Let $x,y$ be coprime integers. I want to prove that if $z \in \mathbb Z$ is a multiple of $x$ and $y$ then $z$ is a multiple of $xy$.
I know that $\exists r,s,m_1, m_2 \in \mathbb Z$ s.t. $$z=m_1x=m_2y$$ $$xr+ys = 1$$. But this is as far as I've gotten. I'm not sure how to proceed from here.
Multiply the second equality you wrote by $z$ to get $xrz+ysz=z$. We also know that $z=m_1x=m_2y$. So that way we get $xr(m_2y)+ys(m_1x)=z$. Hence $z=xy(rm_2+sm_1)$.

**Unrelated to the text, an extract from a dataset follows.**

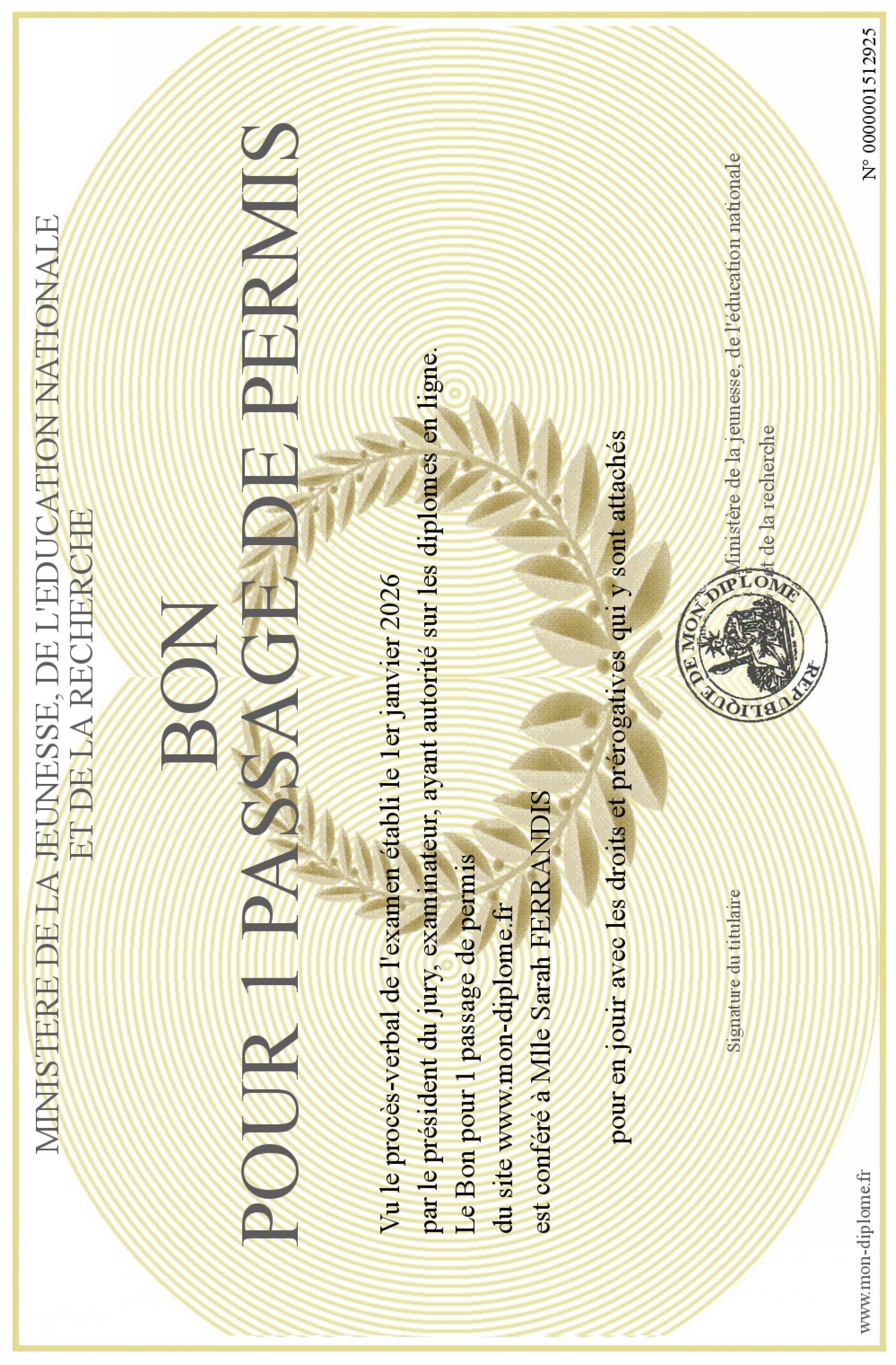 Envoyez par email votre Bon pour 1 passage de permis personalisé

Use the unique decomposition of integers into prime powers. If $x=\prod_i p_i^{a_i}$ and $y=\prod_j q_j^{b_j}$ and $x,y$ are coprime, the collections of primes $(p_i)$ and $(q_j)$ are disjoint. If $z$ is a multiple of both $x$ and $y$, then $z$ is a multiple of $xy=\prod_i p_i^{a_i}\prod_j q_j^{b_j}$
If $x$ has a prime factorization $p_1^{e_1} p_2^{e_2} \cdots p_m^{e_m}$ and $y$ has a prime factorization $p_{m+1}^{e_{m+1}} p_{m+2}^{e_{m+2}} \cdots p_n^{e_n}$, then none of the $p_i$ can be the same because $\gcd(x, y) = 1$. So what can you say about the factorization of $xy$, or of any multiple of both $x$ and $y$?